Kitty's Calculations on a Tree

  • + 8 comments

    WOOHOO, I DID IT!!! sorry, it just took me that long.

    And because I'm still high on success, I will leave some tips for despairing ones. (I also don't understand a thing in the editorial)

    Calculating every node-combination in a set is O(n²), so we have to condense the set somehow...

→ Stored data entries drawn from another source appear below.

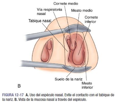 Inspeccione el color de la mucosa nasal y la presencia de secreciones, masas, lesiones e inflamación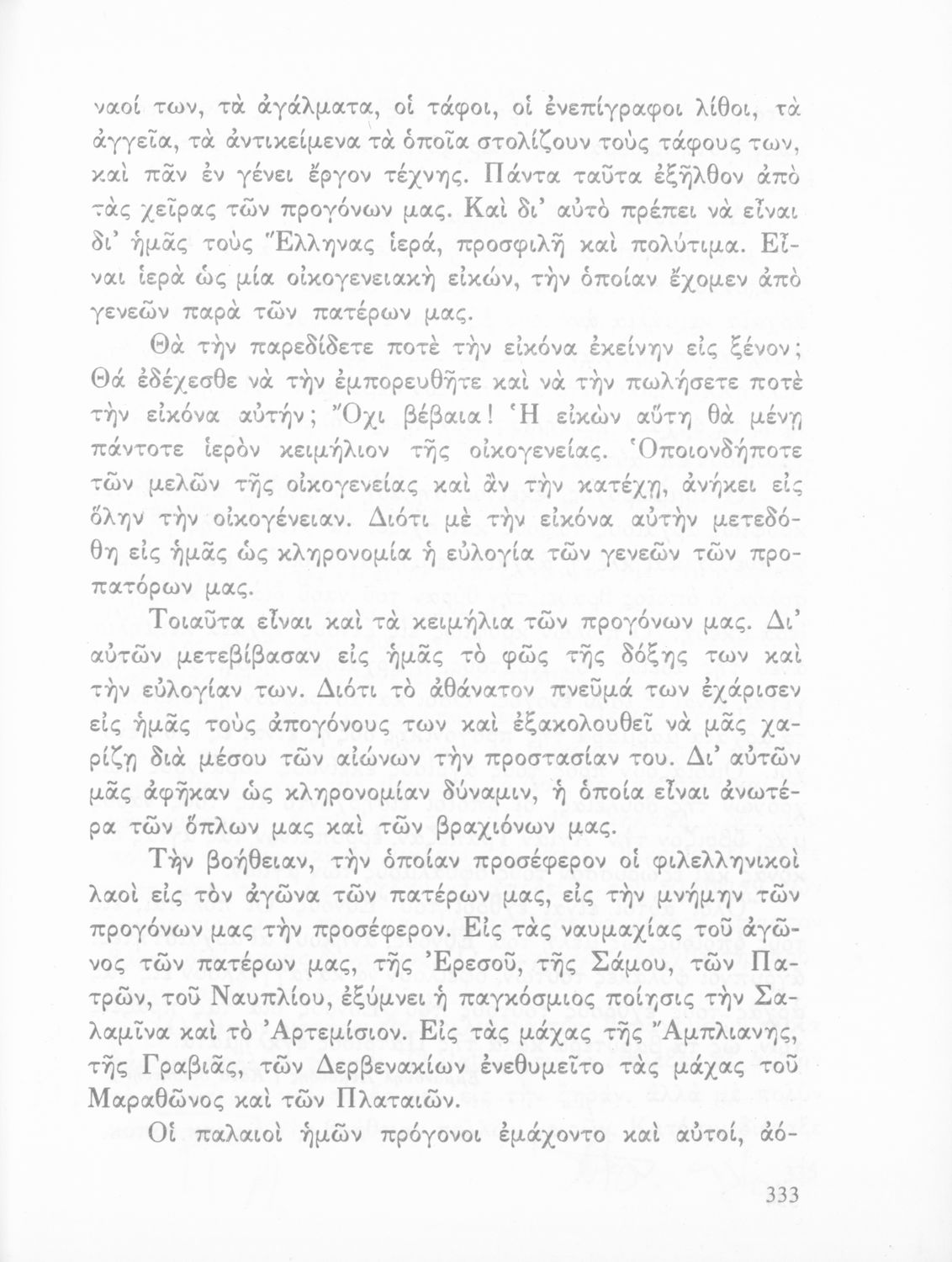 Αναγνωστικό ΣΤ΄ Δημοτικού που περιλαμβάνει θέματα από τις ελληνικές παραδόσεις και μύθους, την ελληνική φύση και θάλασσα και το τρίπτυχο "Πατρίς-θρησκεία-οικογένειαα".
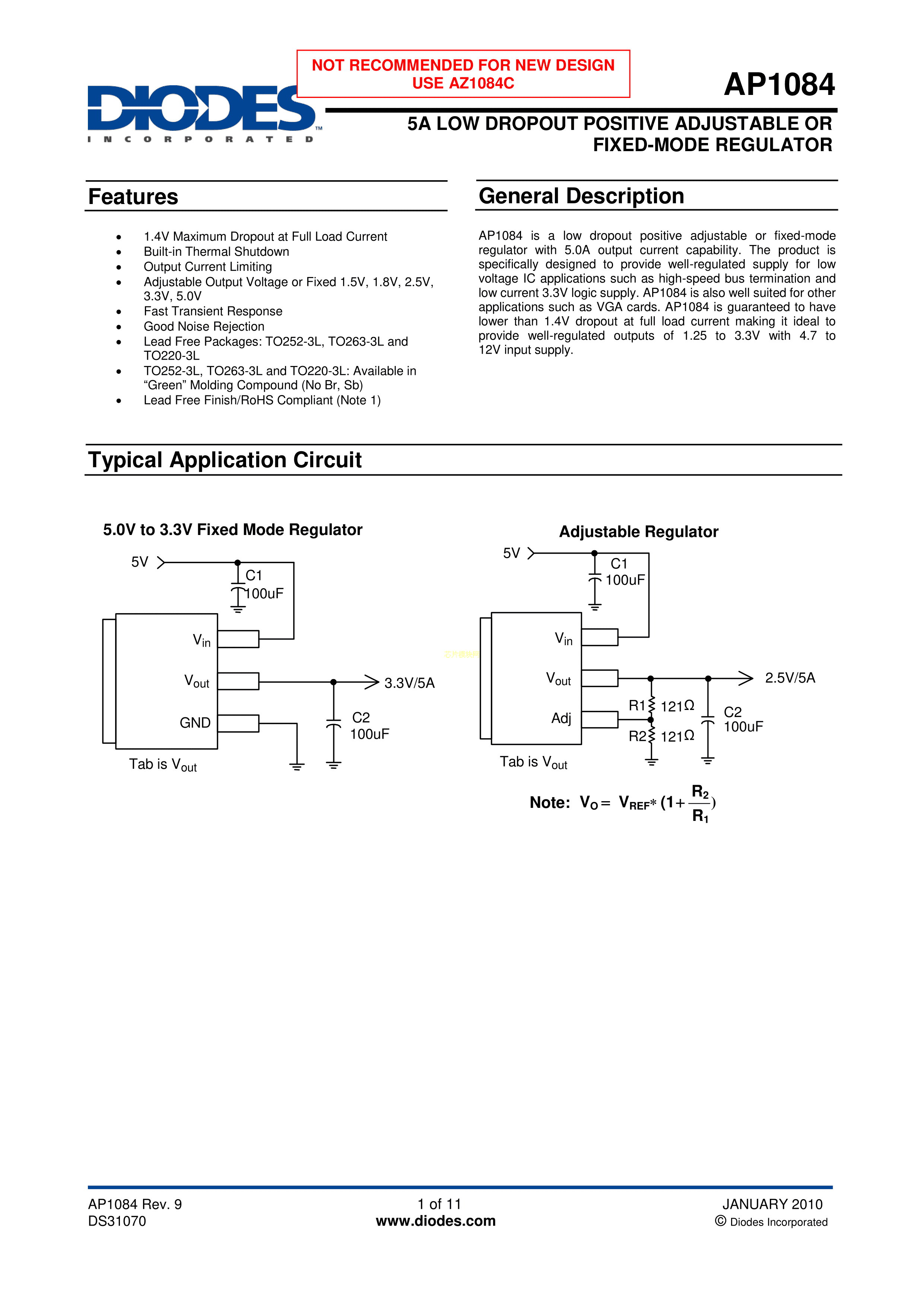 AP1084KG-13数据手册TO-263-3封装DIODES(美台)PDF规格书,中英文下载

    Let's say, we have two nodes, v1 and v2; v is the lowest common ancestor(LCA):

          v
         / \
       ..   ..
       /      \
     v1       v2
    

    The thing we have to calculate is v1*v2*d(v1,v2). d() is distance.

    It can be split up like this: v1*d(v1,v)*v2 + v2*d(v2,v)*v1

    Now, let's add another node (u is the new LCA):

          u
         /  \
        ..   ..
       / \     \
      ..  v2    v3
     /
    v1
    
    
    v1*v2*d(v1,v2) +
    (v1*d(v1,u)+v2*d(v2,u))*v3 + v3*d(v3,u)*(v1+v2)
    
    = v1*v2*d(v1,v2) +
    ((v1+v2)*d(v2,u)+v1*(depth(v1)-depth(v2)))*v3 + v3*d(v3,u)*(v1+v2)
    

    If v1 and v2 are already processed, the only variables are u and v3. We can replace the rest with constants:

    C0 + (C1*d(v2,u)+C2)*v3 + v3*d(u,v3)*C1
    

    ...there, it's no longer necessay to handle v1 and v2 seperately. (as long as nothing relevant is below v1 or between v1 and v2)

    I also used lookup-tables for depth and predecessor.

    Please let me know if something is too confusing.